Cork people rank above average in e-waste recycling, says WEEE Ireland
In 2025, Irish consumers recycled 21.1m e-waste items, up from 18.8m in 2024, according to WEEE Ireland. Picture: Conor McCabe.
In 2025, Irish consumers recycled 21.1m e-waste items, up from 18.8m in 2024, according to WEEE Ireland. Picture: Conor McCabe.
Cork people recycled 9.1kg of electronic and electrical waste per person last year, beating the 9kg average in the counties covered by Ireland’s largest e-waste recycling scheme.
In 2025, Irish consumers recycled 21.1m e-waste items, up from 18.8m in 2024, according to WEEE Ireland.
Ireland recycled 18.5m small appliances, 1.9m lighting products, 278,222 TVs and monitors, and 123,060 fridge-freezers. Also collected were 1,284 tonnes of portable waste batteries.

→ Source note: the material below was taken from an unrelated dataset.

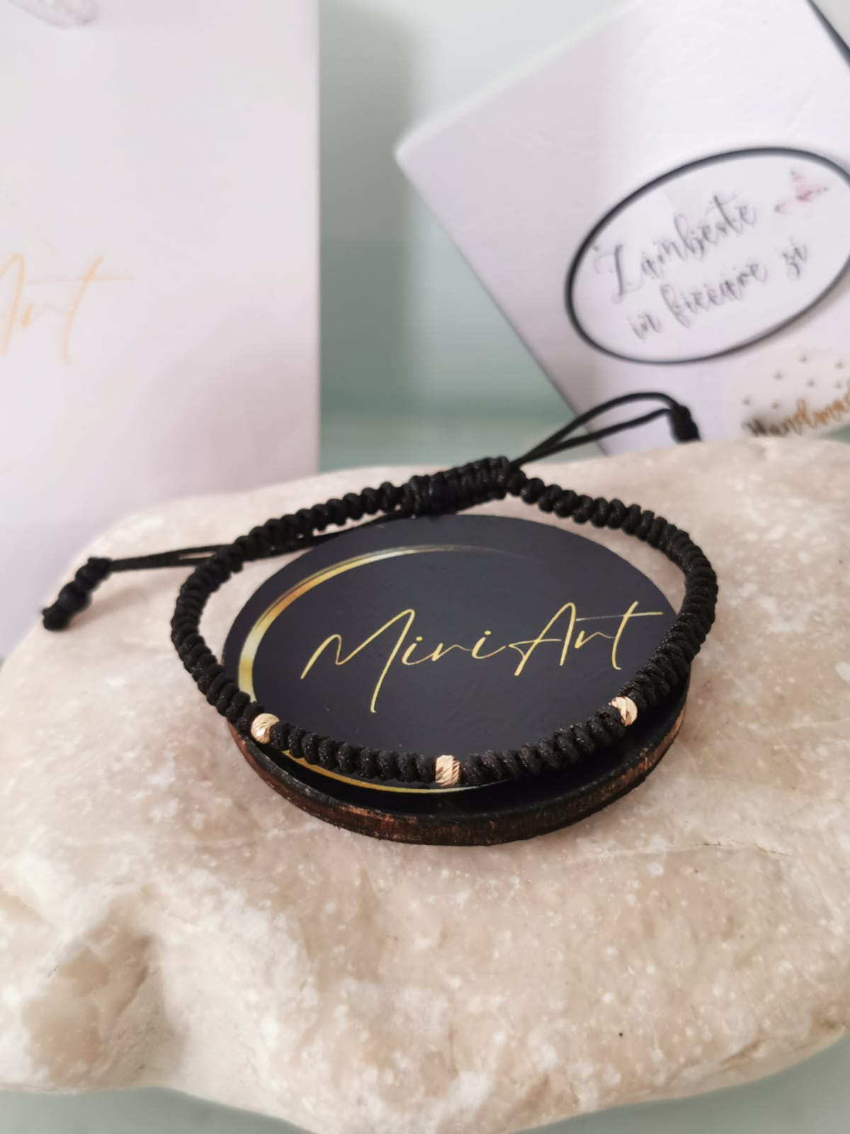 Brățară handmade împletită cu 3 sfere de 3mm din aur 14k și închidere împletită, reglabilă, ușor de ajustat și potrivită oricărei încheieturi.

Lithium battery collection more than doubled in five years, while more than 1.4m vape devices were recycled through WEEE Ireland’s national takeback scheme.
Record performance
However, despite last year’s record performance, WEEE Ireland has warned that the European measurement system fails to capture the full picture of the country’s recycling progress.

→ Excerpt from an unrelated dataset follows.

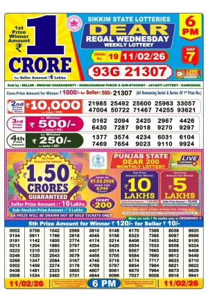 Dear Lottery Chart 6PM Result Sikkim State 11.02.26

WEEE Ireland CEO Leo Donovan said the current system measures e-waste collection against the volume of new electrical goods placed onto the market over the previous three-year period, with Ireland falling short of Europe’s 65% collection target.
In 2025, Irish producers placed 25kg of household electrical equipment per person on the market.

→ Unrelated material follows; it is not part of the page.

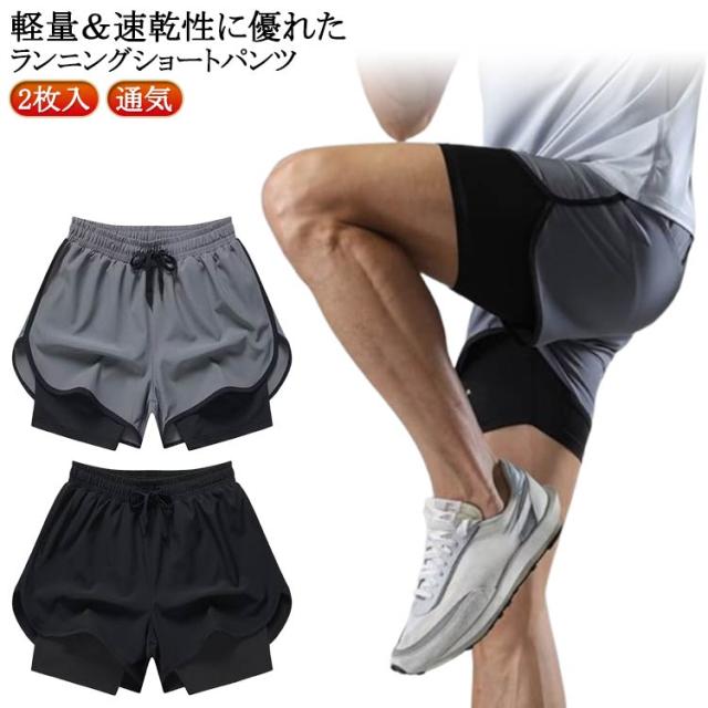 2枚入 春 メンズ インナー付き ハーフパンツ 半ズボン 動きやすい トレーニングウェア ランニングパンツ スポーツウエア ショーパン 通気 ショートパンツ 夏 短パン 2枚入 バスケパンツ ランパン 吸汗速乾 スパッツ 部活 高校生 中学生 練習 運動

“Ireland is recycling more electrical waste than ever before, and consumers are making a real effort to do the right thing. But Europe’s current measurement system was designed for a very different market,” Mr Donovan said.
“Current collection rate targets do not adequately reflect modern consumption patterns, long product lifespans, or emerging technologies such as solar PV systems and heat pumps. These products may not enter the recycling stream for decades, yet they are already included in today’s sales-based targets.”